SOURCE INFORMATION |

◇ ◇ ◇

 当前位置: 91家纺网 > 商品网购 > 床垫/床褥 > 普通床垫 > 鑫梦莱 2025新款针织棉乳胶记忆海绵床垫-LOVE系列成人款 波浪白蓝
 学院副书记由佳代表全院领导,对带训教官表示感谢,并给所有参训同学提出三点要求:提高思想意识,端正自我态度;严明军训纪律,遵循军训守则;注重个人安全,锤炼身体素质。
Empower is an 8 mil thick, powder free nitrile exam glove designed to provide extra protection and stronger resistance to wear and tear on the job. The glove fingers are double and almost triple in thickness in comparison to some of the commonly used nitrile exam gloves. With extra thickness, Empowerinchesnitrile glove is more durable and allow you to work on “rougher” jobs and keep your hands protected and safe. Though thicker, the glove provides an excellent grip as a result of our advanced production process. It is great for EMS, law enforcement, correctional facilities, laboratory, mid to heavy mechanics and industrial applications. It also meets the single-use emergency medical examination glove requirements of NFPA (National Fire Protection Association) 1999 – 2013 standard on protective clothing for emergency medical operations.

◇ ◇ ◇

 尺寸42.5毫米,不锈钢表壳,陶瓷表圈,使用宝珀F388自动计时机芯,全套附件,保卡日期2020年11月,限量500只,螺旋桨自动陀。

◇ ◇ ◇

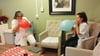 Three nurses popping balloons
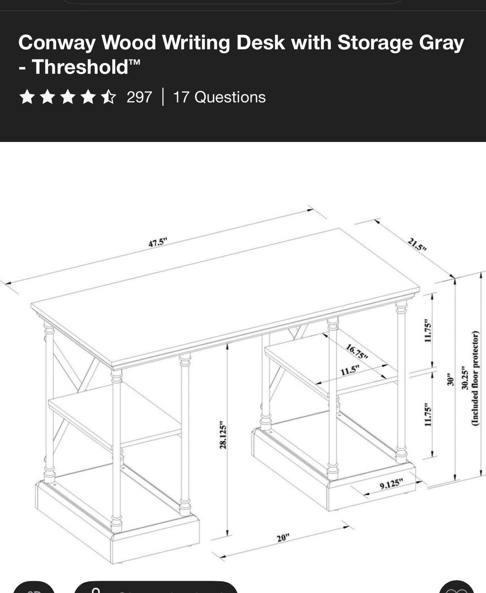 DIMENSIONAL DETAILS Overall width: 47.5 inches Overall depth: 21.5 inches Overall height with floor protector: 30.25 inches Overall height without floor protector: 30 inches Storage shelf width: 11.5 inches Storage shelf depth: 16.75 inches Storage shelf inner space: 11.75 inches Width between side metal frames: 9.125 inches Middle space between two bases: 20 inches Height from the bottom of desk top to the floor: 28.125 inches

◇ ◇ ◇

EXERCISE AIM |
All that is wanted is an exact copy of the lines above from the one with "当前位置: 91家纺网 >" through the one with "学院副书记由佳代表全院领导,对带训教官表", with both ends included.

ANSWER SECTION |
 当前位置: 91家纺网 > 商品网购 > 床垫/床褥 > 普通床垫 > 鑫梦莱 2025新款针织棉乳胶记忆海绵床垫-LOVE系列成人款 波浪白蓝
 学院副书记由佳代表全院领导,对带训教官表示感谢,并给所有参训同学提出三点要求:提高思想意识,端正自我态度;严明军训纪律,遵循军训守则;注重个人安全,锤炼身体素质。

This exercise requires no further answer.